-- Prompt --
Return the material below exactly, but only from the line with "Holy Trinity Church" through the line with "Creation. Genesis cap 1 v 10. De Vos", and without its pictures.

-- Listed records --
== == ==
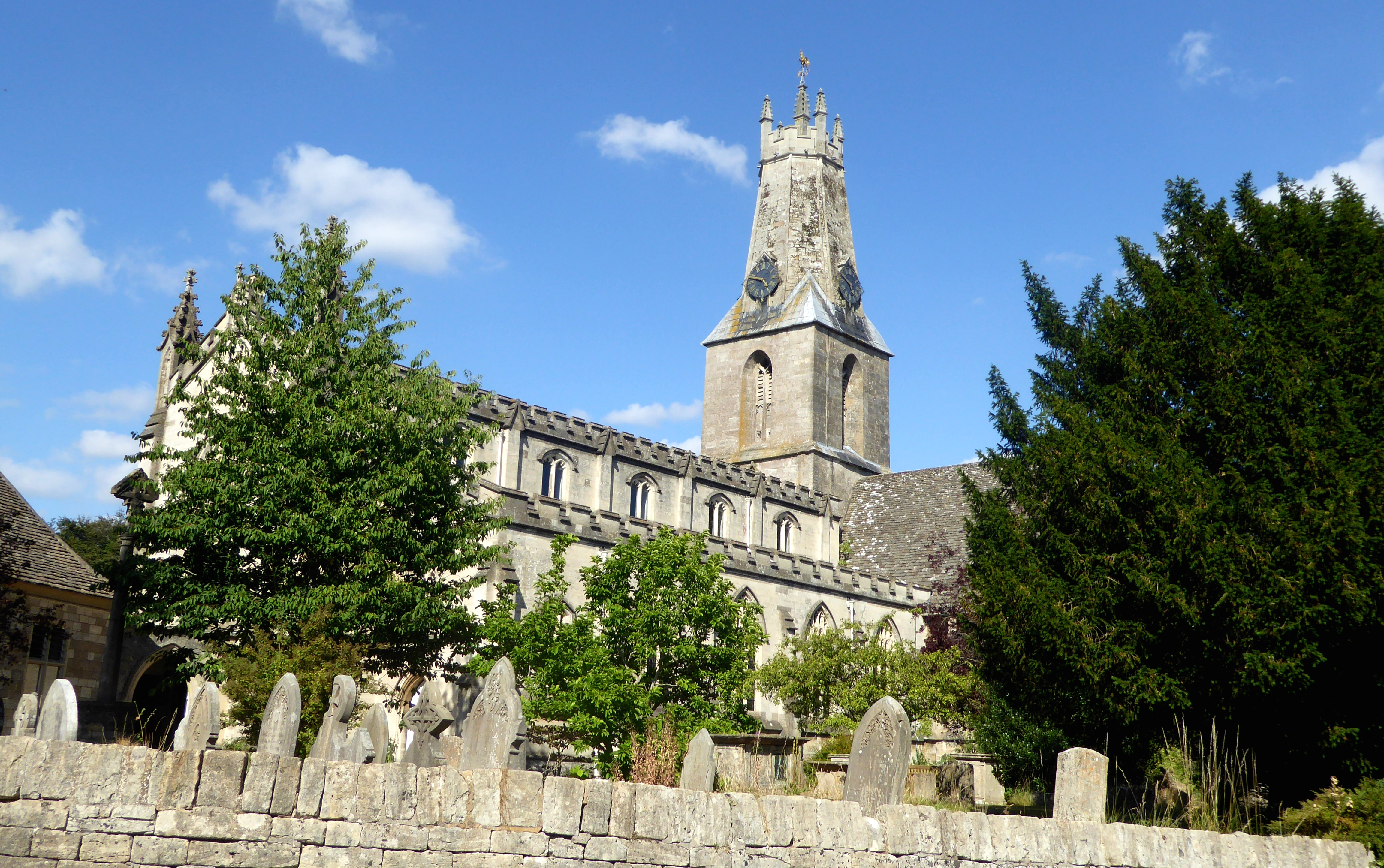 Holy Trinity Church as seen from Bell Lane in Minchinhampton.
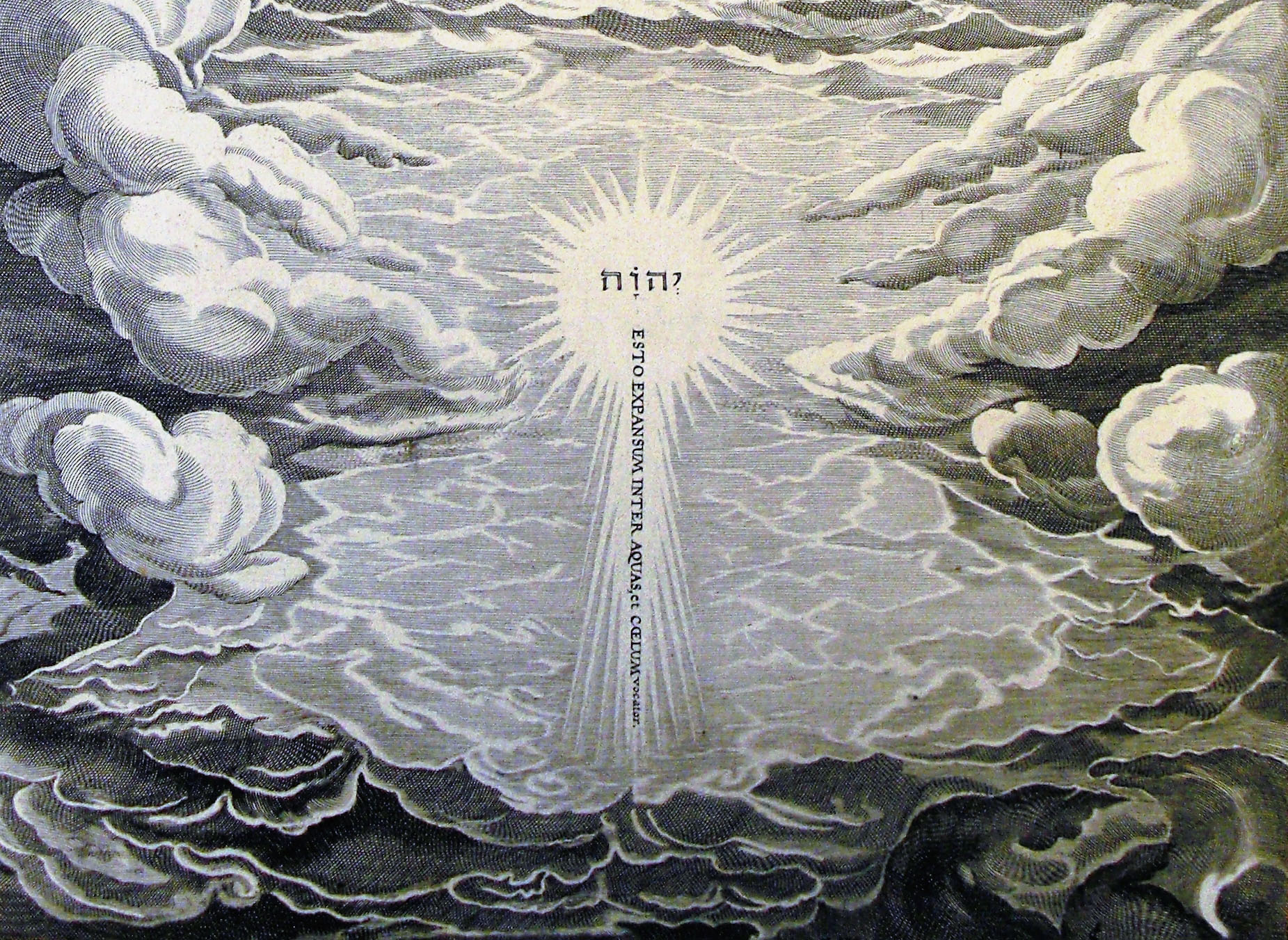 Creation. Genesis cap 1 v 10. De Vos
== == ==
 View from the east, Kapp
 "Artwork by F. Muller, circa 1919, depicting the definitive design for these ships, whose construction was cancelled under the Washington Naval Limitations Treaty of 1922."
== == ==
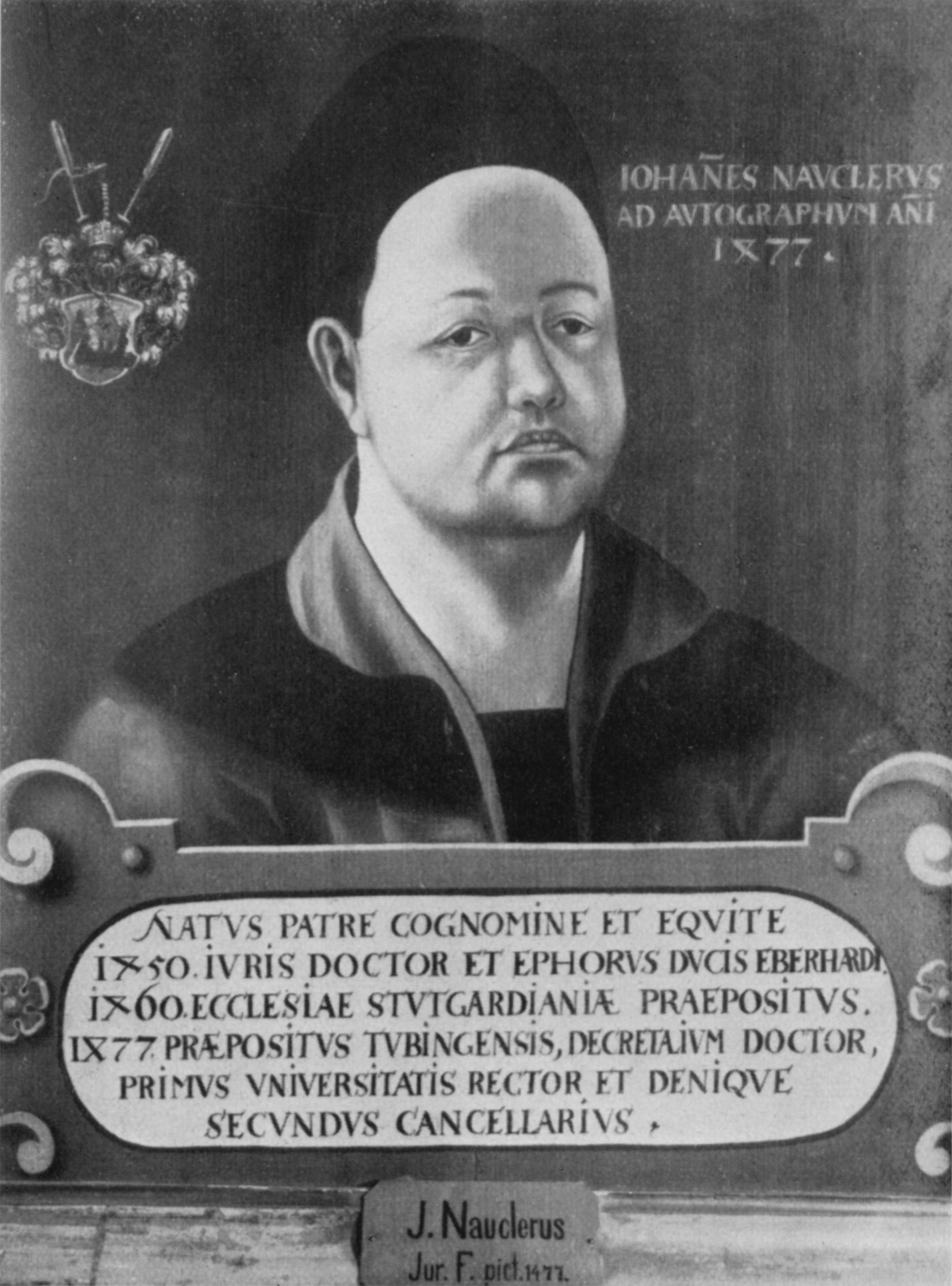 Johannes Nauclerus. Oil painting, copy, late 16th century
== == ==
-- Task result --
 Holy Trinity Church as seen from Bell Lane in Minchinhampton.
 Creation. Genesis cap 1 v 10. De Vos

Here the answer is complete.